In October 2004, Rosen sustained injuries in an auto accident involving a Los Angeles County Metropolitan Transportation Authority (MTA) bus. In November 2004, Rosen suffered a debilitating stroke, which paralyzed one side of her body and left her unable to speak or care for herself. Following the stroke, St. Joseph Hospital admitted Rosen for treatment and Openshaw, a partner in Vascular Specialists, performed an angiogram at St. Joseph Hospital to diagnose Rosen’s condition.

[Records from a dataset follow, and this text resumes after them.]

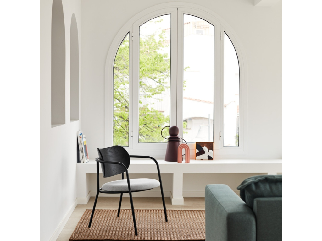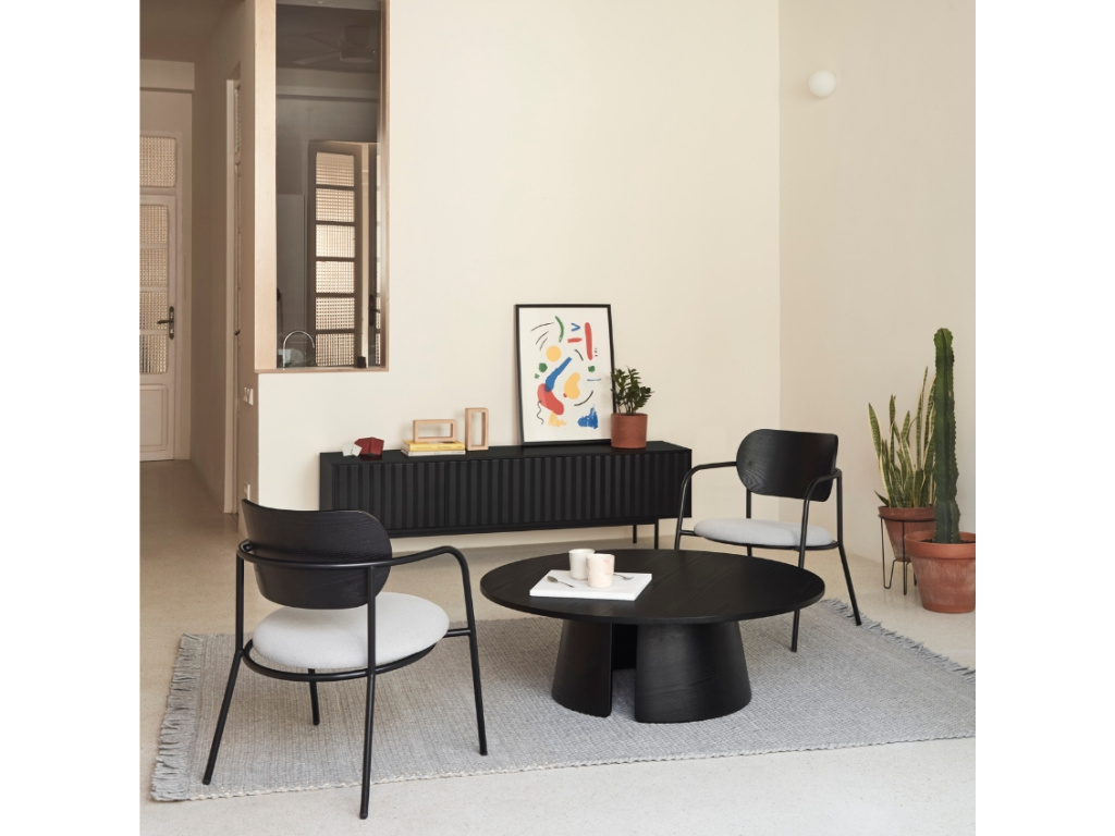 Stylové lounge křeslo Eclipse od značky Teulat nachází inspiraci v klasických designech kombinujících kovové a dřevěné prvky, které tvoří přímo ikonický vzhled. Příjemnou látkou čalouněný sedák a černé opěradlo s dřevěným dekorem jsou tvarované s ohledem na pohodlí během dlouhého sezení. Jde o elegantní a všestranný design, který krásně splyne s okolím ať už v koutku obývacího pokoje, kolem jídelního či zasedacího stolu v kanceláři nebo umístěný v hotelové hale.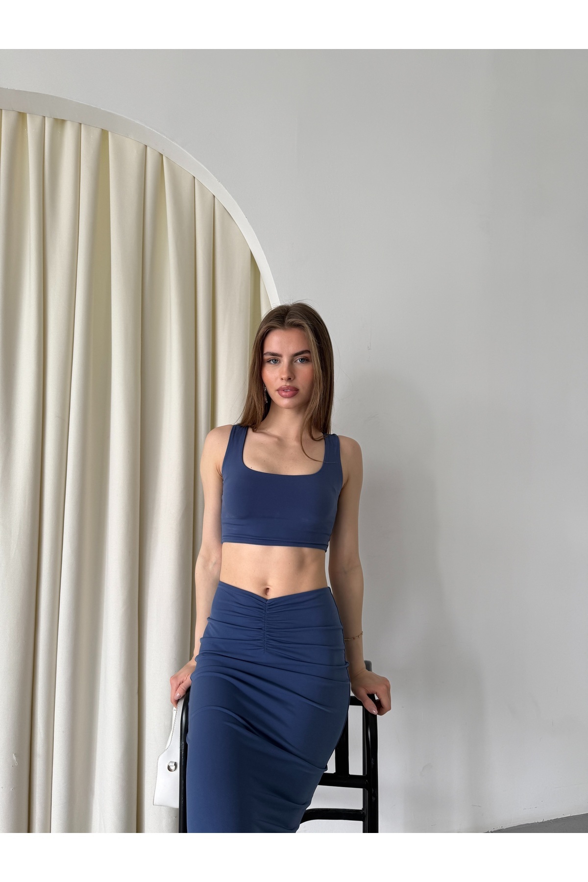 ETEK TAKIM-ÖN BÜZGÜ DETAYLI,ASTARLI,MİDİ BOY ETEK.KALIN ASKILI,CROP BLUZ. ETEK TAKIM-ÖN BÜZGÜ DETAYLI,ASTARLI,MİDİ BOY ETEK.KALIN ASKILI,CROP BLUZ. 621 L
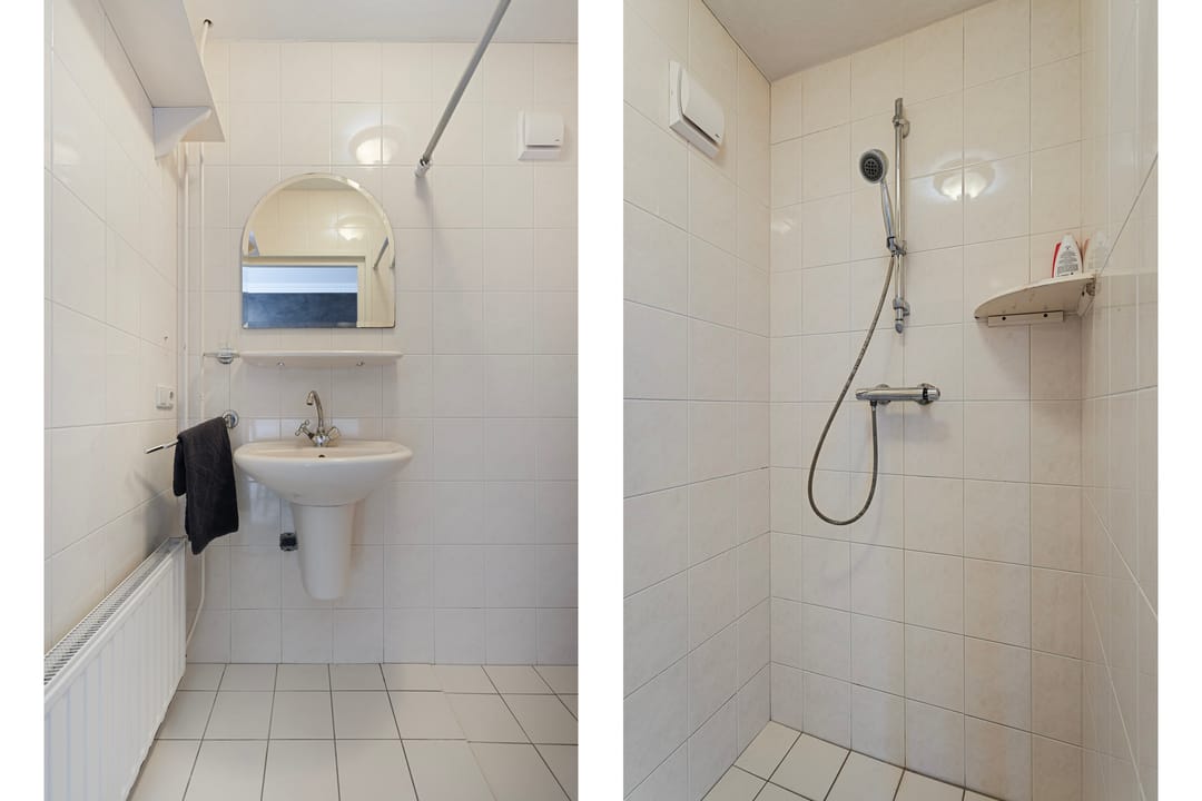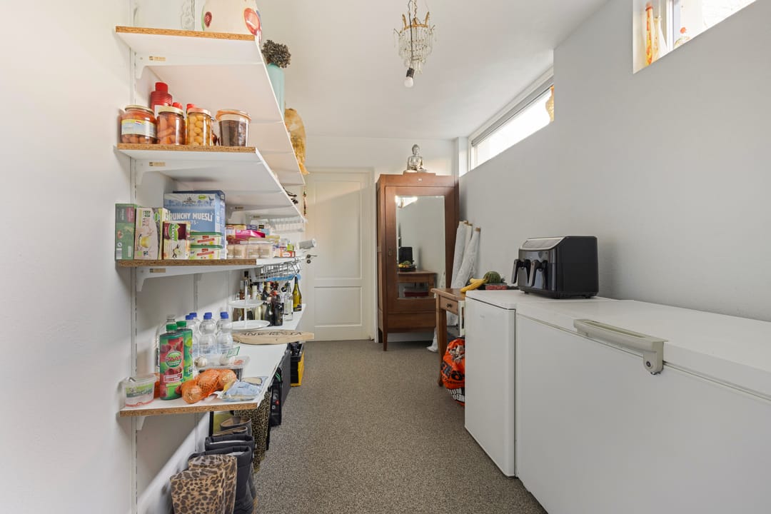 Achter de loopdeur bevindt zich een hal met meterkast, toegang tot een kantoorruimte, een kantine/woonruimte met aangrenzende keuken (voorzien van vaatwasser en gasaansluiting) en een badkamer. Via de trap in de hal bereikt u de eerste verdieping met slaapkamer en berging, waar zich tevens een eigen cv-opstelling (Nefit, 1999) bevindt. Het toilet is bereikbaar vanuit de hal.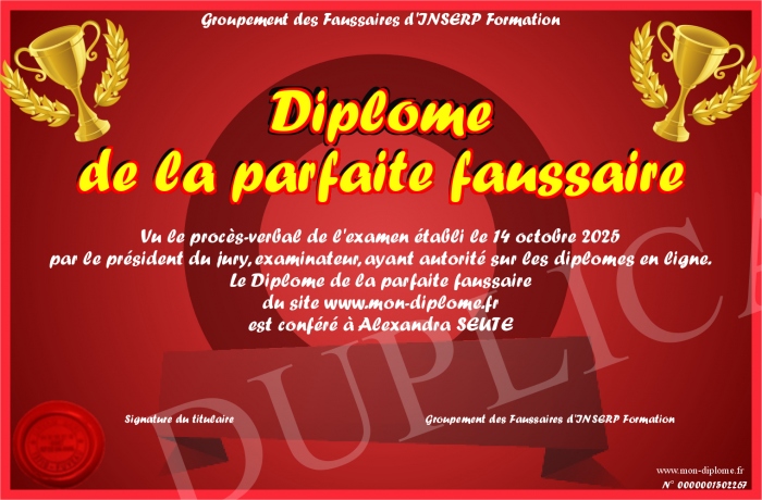 Envoyez par email votre Diplôme de la parfaite faussaire personalisé

Rosen thereafter sued the MTA, alleging the bus accident caused her stroke. Attorney Katherine Pene represented the MTA. According to the allegations, during the litigation Pene and Openshaw stole the angiogram Openshaw performed because it showed that the impact of the collision with the MTA bus tore Rosen’s left internal carotid artery, which caused her subsequent stroke. Without the angiogram to review, Rosen’s experts could not testify at their depositions that the bus accident caused Rosen’s carotid artery to tear, which led to her stroke. Moreover, without the angiogram as evidence, Rosen could not negotiate a meaningful settlement with the MTA
At trial, the MTA successfully barred Rosen’s experts from testifying the bus accident caused her stroke because the experts did not offer that opinion during their depositions. The jury returned a verdict for the MTA, finding the MTA did not breach any duty of care it owed Rosen. The jury never reached the question whether the bus accident caused Rosen’s stroke.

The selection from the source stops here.